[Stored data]
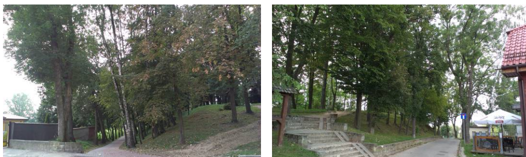
Ryc. 2. Brak wypracowanej głównej strefy wejściowej do parku miejskiego. Fig. 2. None developed the main entrance area to the city park.

mona i Judy Tadeusza, dawny kościół ewangelicki, obecnie kościół rzymskokatolicki pw. Matki Boskiej Królowej Polski, budynek sądu grodzkiego wraz z willą sądową i ogrodem oraz liczne kamienice [7, s. 8–10].
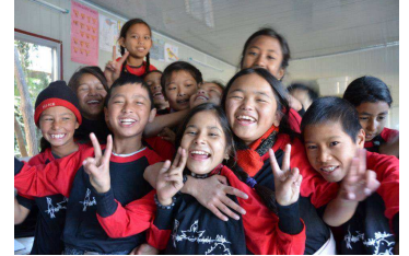
Eh oui, il y a de la joie...

NOUS NE POUVONS PAS LAISSER NAG EVOLUER SANS NOUS, C'EST A DIRE SANS VOUS.
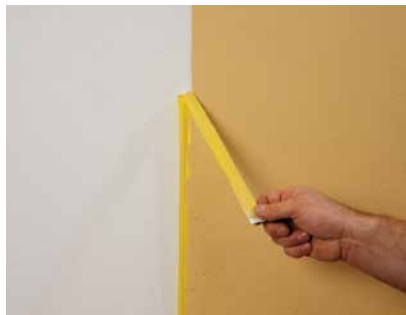
Abziehen nach dem Abwischen
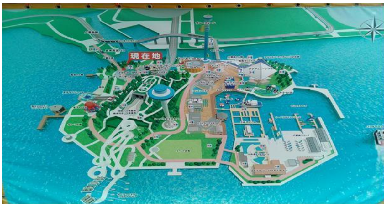
說明：去八景島的海生館玩，這是園區地圖。(106/04/02)
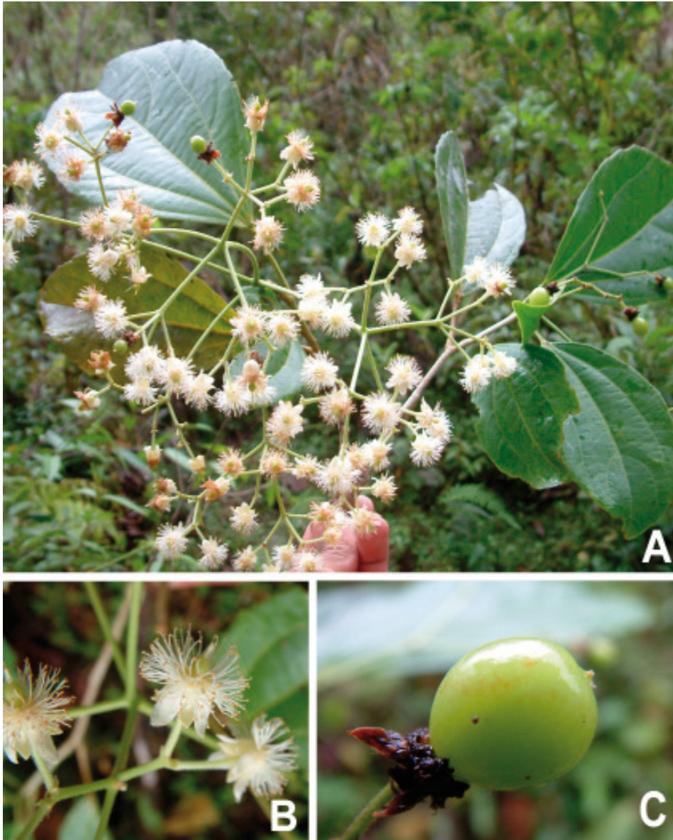
Fig. 2 Hasseltia yanachagaensis Vásquez & A. Monteagudo. A. Ramita florífera; B. Flor en antesis; C. Fruto inmaduro (A. Monteagudo et al. 15921, HOXA).
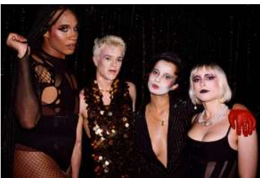
Cabaret La Bouche
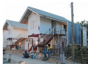
写真 5. 復興住宅
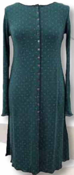
JALFE 311 KNAK KJOLE I ULD 1.095,- amanda-m

Køb dine julegaver i den hyggelige honningkageby, hvor et bredt udvalg af specialbutikker er klar til at yde dig en god service.
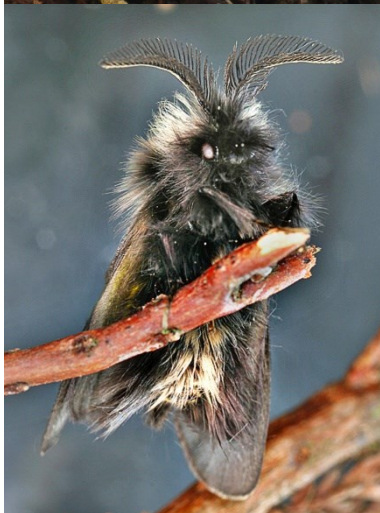
Fig. 13. Phalacropterix graslinella ♂, Turnhouts Vennengebied (AN), 06.v.2010, © H. Henderickx.

Whittleia retiella – Kustzakdrager: Van deze zeer lokale en erg zeldzame soort werden op 05.v.2009 in het Zwinreservaat te Knokke (WV) zowel larven als adulten waargenomen, leg. H. Henderickx.
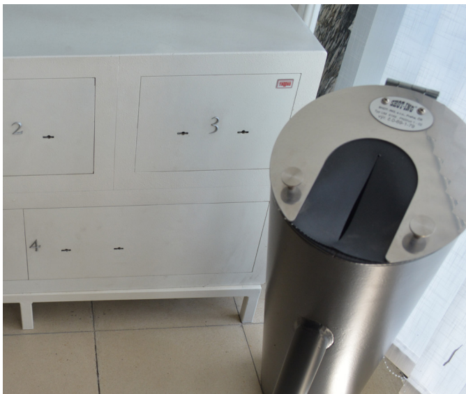
Zbraně a další nebezpečné předměty, které justiční stráž odejme návštěvníkovi, mohou být uschovány v trezoru. Napravo je na snímku speciální „vybíjecí“ zařízení, zbraň se samozřejmě nemůže ukládat do trezoru nabitá.

I když velitel justiční stráže hierarchicky nepodléhá předsedovi soudu, přesto musí justiční stráž postupovat vždy podle pravidel, která předseda Nejvyššího soudu jako osoba, jenž stojí v čele této instituce, nastavil. Předseda Nejvyššího soudu tak například určuje, koho může justiční stráž vpustit do budovy bez kontroly. Bývají to většinou ministerské a jiné vládní návštěvy, hosté, kteří zavítali do Brna na pozvání předsedy či místopředsedy Nejvyššího soudu ze zahraničí, soudci jiných českých soudů nebo státní zástupci, kteří se prokáží speciálními služebními průkazy apod.
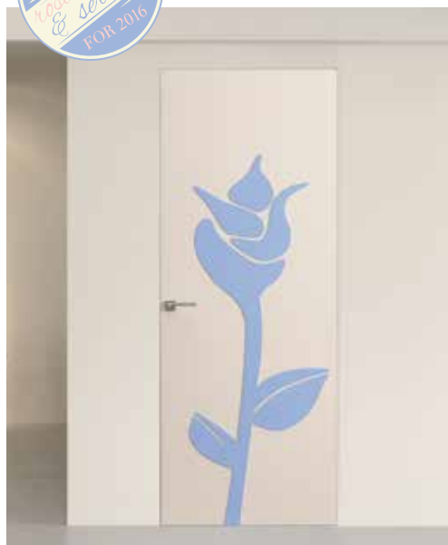
BOCCIOLIO WALLDOOR, LACCATO CIPRIA, DECORO 3D LACCATO NCS

--- WHAT TO DO ---
Could you print all of the entries above exactly as written, minus the pictures?

--- TASK RESPONSE ---
Ryc. 2. Brak wypracowanej głównej strefy wejściowej do parku miejskiego. Fig. 2. None developed the main entrance area to the city park.

mona i Judy Tadeusza, dawny kościół ewangelicki, obecnie kościół rzymskokatolicki pw. Matki Boskiej Królowej Polski, budynek sądu grodzkiego wraz z willą sądową i ogrodem oraz liczne kamienice [7, s. 8–10].
Eh oui, il y a de la joie...

NOUS NE POUVONS PAS LAISSER NAG EVOLUER SANS NOUS, C'EST A DIRE SANS VOUS.
Abziehen nach dem Abwischen
說明：去八景島的海生館玩，這是園區地圖。(106/04/02)
Fig. 2 Hasseltia yanachagaensis Vásquez & A. Monteagudo. A. Ramita florífera; B. Flor en antesis; C. Fruto inmaduro (A. Monteagudo et al. 15921, HOXA).
Cabaret La Bouche
写真 5. 復興住宅
JALFE 311 KNAK KJOLE I ULD 1.095,- amanda-m

Køb dine julegaver i den hyggelige honningkageby, hvor et bredt udvalg af specialbutikker er klar til at yde dig en god service.
Fig. 13. Phalacropterix graslinella ♂, Turnhouts Vennengebied (AN), 06.v.2010, © H. Henderickx.

Whittleia retiella – Kustzakdrager: Van deze zeer lokale en erg zeldzame soort werden op 05.v.2009 in het Zwinreservaat te Knokke (WV) zowel larven als adulten waargenomen, leg. H. Henderickx.
Zbraně a další nebezpečné předměty, které justiční stráž odejme návštěvníkovi, mohou být uschovány v trezoru. Napravo je na snímku speciální „vybíjecí“ zařízení, zbraň se samozřejmě nemůže ukládat do trezoru nabitá.

I když velitel justiční stráže hierarchicky nepodléhá předsedovi soudu, přesto musí justiční stráž postupovat vždy podle pravidel, která předseda Nejvyššího soudu jako osoba, jenž stojí v čele této instituce, nastavil. Předseda Nejvyššího soudu tak například určuje, koho může justiční stráž vpustit do budovy bez kontroly. Bývají to většinou ministerské a jiné vládní návštěvy, hosté, kteří zavítali do Brna na pozvání předsedy či místopředsedy Nejvyššího soudu ze zahraničí, soudci jiných českých soudů nebo státní zástupci, kteří se prokáží speciálními služebními průkazy apod.
BOCCIOLIO WALLDOOR, LACCATO CIPRIA, DECORO 3D LACCATO NCS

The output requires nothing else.